In this programme, Lauren wants instead to celebrate what's going on now, and hear from acts who in some cases weren't even born when the likes of The Smiths and The Stone Roses were in their pomp. How closely do they associate themselves with an area no longer bound tightly together by heavy industry, how far is their creativity the thing filling the gap left behind, and how far is their geographic musical inheritance as much a suffocating curse as a blessing?
Lauren sets out to demonstrate that northern music is about much more than gloomy four-piece indie bands made up of young men staring at their feet, meeting artists from a range of different genres who are all contributing to a diverse and lively music scene.
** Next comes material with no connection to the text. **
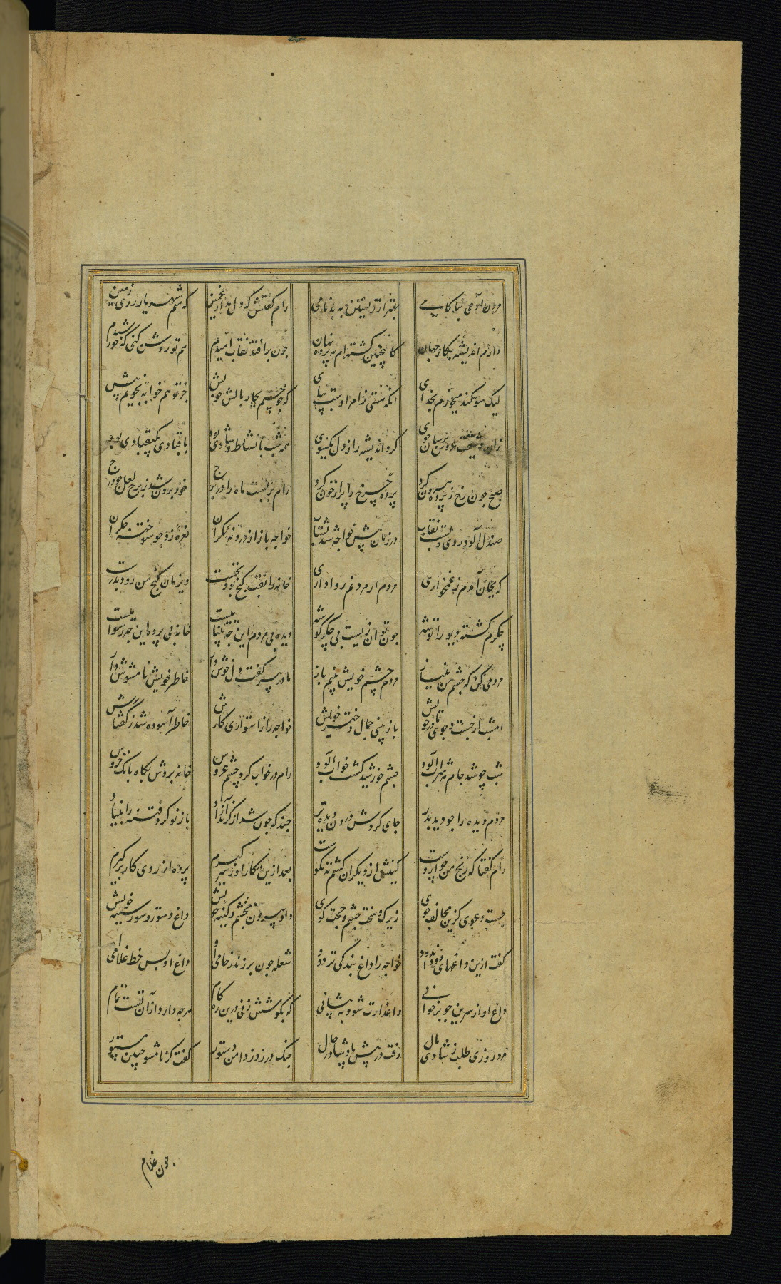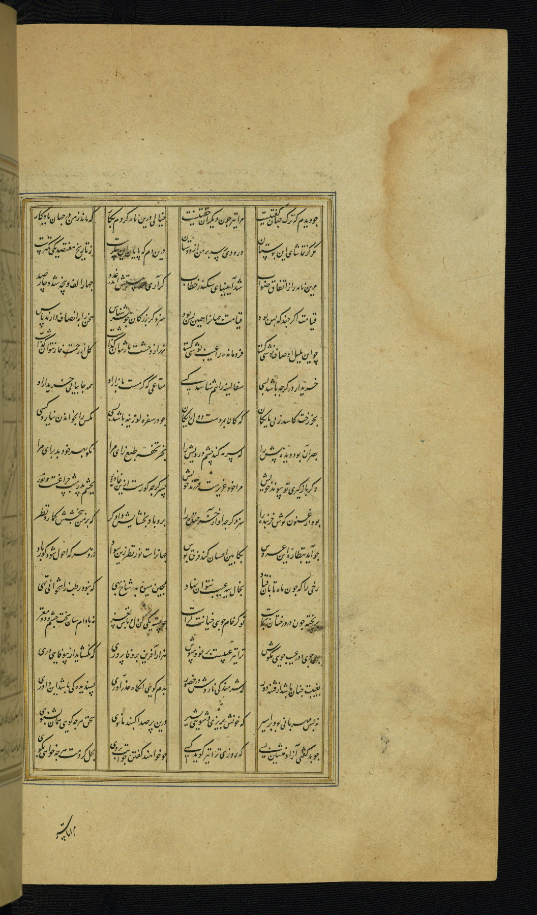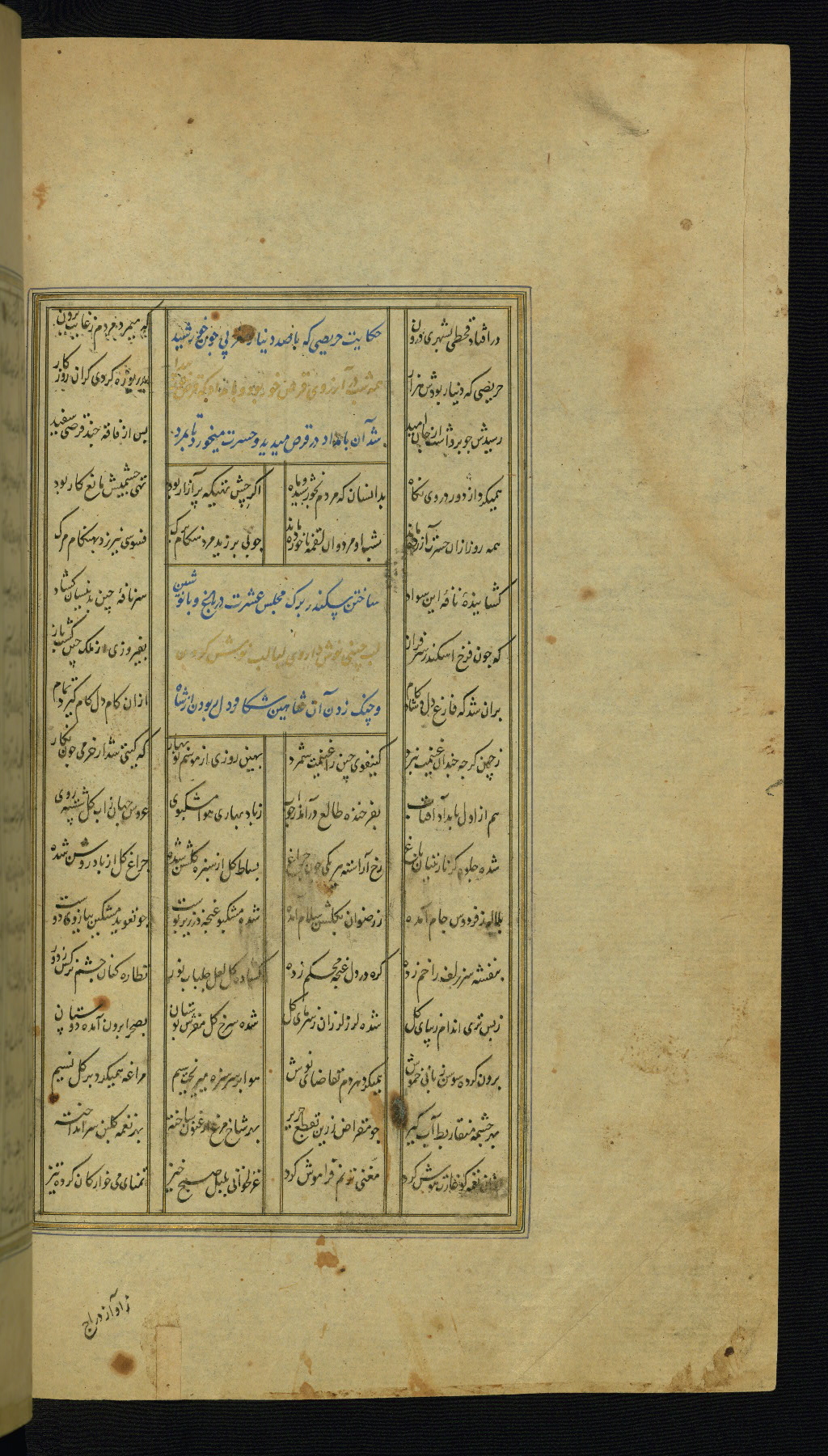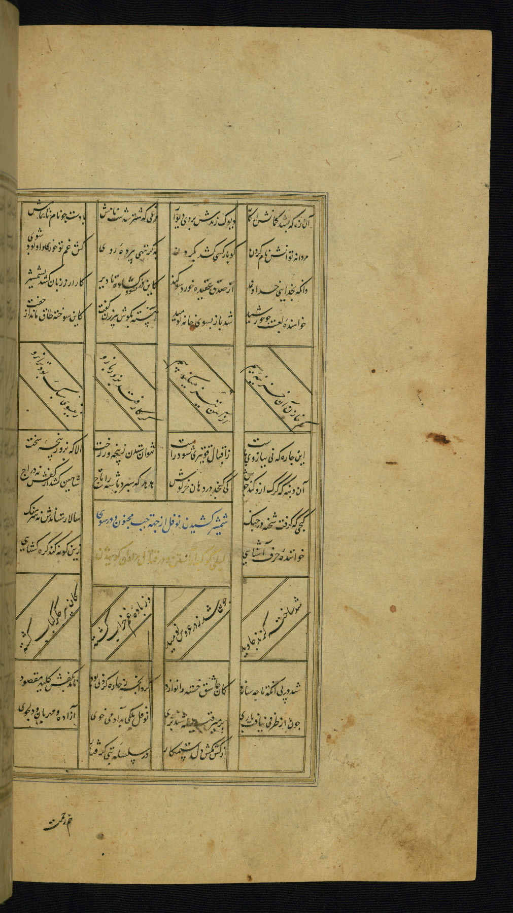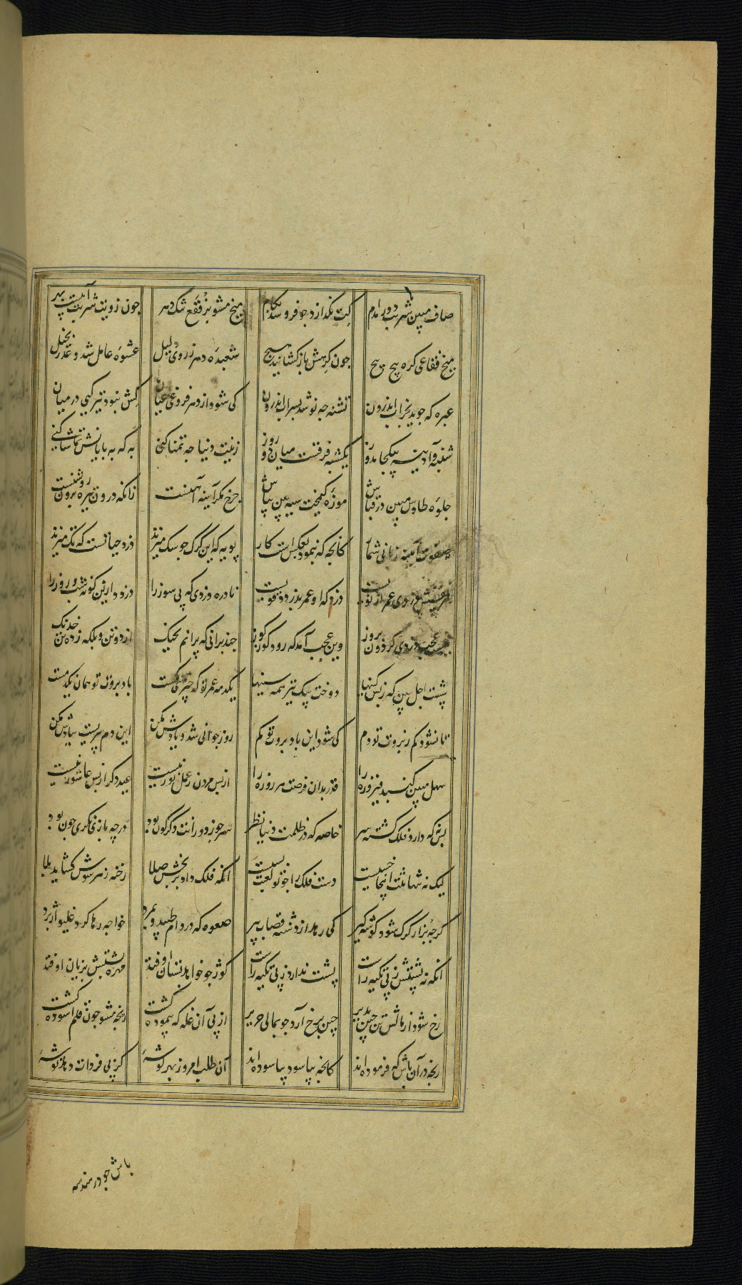 This is an illustrated and illuminated Safavid copy of the Khamsah (quintet) of Amīr Khusraw Dihlavī (d. 725 AH / 1325 CE), written by Pīr Ḥusayn al-Kātib al-Shīrāzī in 935 AH / 1529 CE. The codex opens with a double-page illuminated frontispiece with verses in honor of the poet Mir (Amir) Khusraw (fols. 1b-2a). There are four illuminated incipit pages introducing the individual poems, and thirteen paintings illustrate the text. The lacquer binding, which is not original to the manuscript, has a hunting scene on the upper and lower boards. The lower board is inscribed yā Shāh Najaf (oh, King of Najaf, i.e. ʿAlī) and is dated 1271 AH / 1854 CE.

They include PINS, an all female band from Manchester playing post-punk tunes powerful enough to attract Iggy Pop to collaborate with them; Skinny Pelembe, who was born in Johannesburg, then raised in Doncaster, and who is now one of the most exciting and unclassifiable performers in the country; the Young 'Uns, the much feted folk troupe from Stockton on Tees singing about a very modern north-east; Sara Lowes, who has composed a contemporary classical piece born from a residency with the inventors of graphene - and Maximo Park, whose collaboration with the Royal Northern Sinfonia will be played out across the River Tyne at the Great Exhibition's opening ceremony.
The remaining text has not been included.